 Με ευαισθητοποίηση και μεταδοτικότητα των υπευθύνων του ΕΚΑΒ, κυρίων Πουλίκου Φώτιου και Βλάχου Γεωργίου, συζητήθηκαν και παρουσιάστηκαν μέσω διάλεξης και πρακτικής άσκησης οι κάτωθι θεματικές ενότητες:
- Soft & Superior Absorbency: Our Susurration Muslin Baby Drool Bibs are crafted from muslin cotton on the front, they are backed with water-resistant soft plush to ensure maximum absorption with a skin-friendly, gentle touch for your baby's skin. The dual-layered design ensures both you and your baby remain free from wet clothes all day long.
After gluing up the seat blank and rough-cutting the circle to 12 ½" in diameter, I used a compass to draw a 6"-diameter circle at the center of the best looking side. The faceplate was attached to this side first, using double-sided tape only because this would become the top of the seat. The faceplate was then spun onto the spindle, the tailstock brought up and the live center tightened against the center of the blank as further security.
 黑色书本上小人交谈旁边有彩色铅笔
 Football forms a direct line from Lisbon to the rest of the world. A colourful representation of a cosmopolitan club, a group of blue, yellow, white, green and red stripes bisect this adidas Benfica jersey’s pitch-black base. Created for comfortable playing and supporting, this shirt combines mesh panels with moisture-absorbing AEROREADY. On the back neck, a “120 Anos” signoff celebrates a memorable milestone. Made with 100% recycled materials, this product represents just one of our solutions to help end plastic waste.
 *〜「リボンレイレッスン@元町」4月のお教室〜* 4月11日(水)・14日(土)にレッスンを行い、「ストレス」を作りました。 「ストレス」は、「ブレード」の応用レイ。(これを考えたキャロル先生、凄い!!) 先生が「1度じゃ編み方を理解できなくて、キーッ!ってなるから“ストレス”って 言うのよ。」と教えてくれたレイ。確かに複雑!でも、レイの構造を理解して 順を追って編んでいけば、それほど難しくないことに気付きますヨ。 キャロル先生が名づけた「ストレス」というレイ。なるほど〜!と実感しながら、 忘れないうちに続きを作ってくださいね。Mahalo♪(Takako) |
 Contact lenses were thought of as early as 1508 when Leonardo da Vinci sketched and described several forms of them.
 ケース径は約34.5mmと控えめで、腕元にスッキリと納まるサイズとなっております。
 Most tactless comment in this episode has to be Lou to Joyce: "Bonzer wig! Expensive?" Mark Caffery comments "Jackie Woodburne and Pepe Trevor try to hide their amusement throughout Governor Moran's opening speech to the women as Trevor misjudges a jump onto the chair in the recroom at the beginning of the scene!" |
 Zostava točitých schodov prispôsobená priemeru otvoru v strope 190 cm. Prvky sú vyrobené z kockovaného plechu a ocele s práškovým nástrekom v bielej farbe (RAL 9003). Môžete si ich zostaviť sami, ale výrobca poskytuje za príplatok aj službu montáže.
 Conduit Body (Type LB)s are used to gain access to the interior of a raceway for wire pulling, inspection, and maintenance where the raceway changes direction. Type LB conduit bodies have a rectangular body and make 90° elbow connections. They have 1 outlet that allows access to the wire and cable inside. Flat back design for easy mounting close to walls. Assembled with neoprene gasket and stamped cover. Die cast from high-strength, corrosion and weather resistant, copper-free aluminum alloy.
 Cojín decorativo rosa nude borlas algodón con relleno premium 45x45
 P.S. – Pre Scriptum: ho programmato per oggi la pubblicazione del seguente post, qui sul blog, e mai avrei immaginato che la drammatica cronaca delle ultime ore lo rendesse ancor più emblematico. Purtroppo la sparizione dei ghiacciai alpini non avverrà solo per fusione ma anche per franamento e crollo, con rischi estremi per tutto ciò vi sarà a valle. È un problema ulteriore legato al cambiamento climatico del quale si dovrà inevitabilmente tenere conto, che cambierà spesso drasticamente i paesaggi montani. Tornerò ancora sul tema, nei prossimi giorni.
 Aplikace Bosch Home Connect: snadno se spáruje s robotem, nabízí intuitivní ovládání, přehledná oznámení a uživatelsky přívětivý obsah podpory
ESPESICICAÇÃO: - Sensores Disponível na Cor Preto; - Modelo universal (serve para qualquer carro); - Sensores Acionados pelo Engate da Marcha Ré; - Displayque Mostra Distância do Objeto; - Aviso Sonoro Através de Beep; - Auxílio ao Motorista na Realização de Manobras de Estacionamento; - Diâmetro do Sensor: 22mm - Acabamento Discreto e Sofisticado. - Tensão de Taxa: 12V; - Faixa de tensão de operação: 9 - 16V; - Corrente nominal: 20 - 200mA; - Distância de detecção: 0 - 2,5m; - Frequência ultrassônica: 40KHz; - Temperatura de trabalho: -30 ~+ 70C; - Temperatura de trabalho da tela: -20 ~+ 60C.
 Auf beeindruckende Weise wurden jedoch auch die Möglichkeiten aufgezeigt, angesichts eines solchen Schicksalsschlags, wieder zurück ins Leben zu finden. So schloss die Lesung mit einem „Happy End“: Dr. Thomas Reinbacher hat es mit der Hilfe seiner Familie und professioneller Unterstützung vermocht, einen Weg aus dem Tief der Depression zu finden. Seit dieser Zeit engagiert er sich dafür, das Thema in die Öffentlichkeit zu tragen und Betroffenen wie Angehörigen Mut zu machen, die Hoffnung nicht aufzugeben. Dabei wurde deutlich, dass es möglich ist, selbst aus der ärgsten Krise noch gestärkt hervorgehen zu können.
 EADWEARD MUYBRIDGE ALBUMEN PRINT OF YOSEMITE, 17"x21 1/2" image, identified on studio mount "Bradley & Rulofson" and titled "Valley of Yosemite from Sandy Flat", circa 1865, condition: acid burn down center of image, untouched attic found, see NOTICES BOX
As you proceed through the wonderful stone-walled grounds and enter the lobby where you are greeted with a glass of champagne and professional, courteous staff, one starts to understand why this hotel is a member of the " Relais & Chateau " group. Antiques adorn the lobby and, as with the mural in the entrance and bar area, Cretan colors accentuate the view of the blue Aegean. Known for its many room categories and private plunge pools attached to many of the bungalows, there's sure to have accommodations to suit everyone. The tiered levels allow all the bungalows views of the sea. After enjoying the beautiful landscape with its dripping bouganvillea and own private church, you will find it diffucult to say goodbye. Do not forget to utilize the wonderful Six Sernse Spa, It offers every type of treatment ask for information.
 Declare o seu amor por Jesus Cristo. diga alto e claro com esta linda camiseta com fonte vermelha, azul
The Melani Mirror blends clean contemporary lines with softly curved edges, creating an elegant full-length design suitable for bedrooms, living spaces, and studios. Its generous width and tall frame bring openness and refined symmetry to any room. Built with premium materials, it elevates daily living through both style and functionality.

INSTRUCTIONS FOR THE TASK
Copy exactly the lines from the top of the entries through the line with "- Soft & Superior" in it, please, keeping both ends and adding nothing.

RESPONSE TO THE TASK
 Με ευαισθητοποίηση και μεταδοτικότητα των υπευθύνων του ΕΚΑΒ, κυρίων Πουλίκου Φώτιου και Βλάχου Γεωργίου, συζητήθηκαν και παρουσιάστηκαν μέσω διάλεξης και πρακτικής άσκησης οι κάτωθι θεματικές ενότητες:
- Soft & Superior Absorbency: Our Susurration Muslin Baby Drool Bibs are crafted from muslin cotton on the front, they are backed with water-resistant soft plush to ensure maximum absorption with a skin-friendly, gentle touch for your baby's skin. The dual-layered design ensures both you and your baby remain free from wet clothes all day long.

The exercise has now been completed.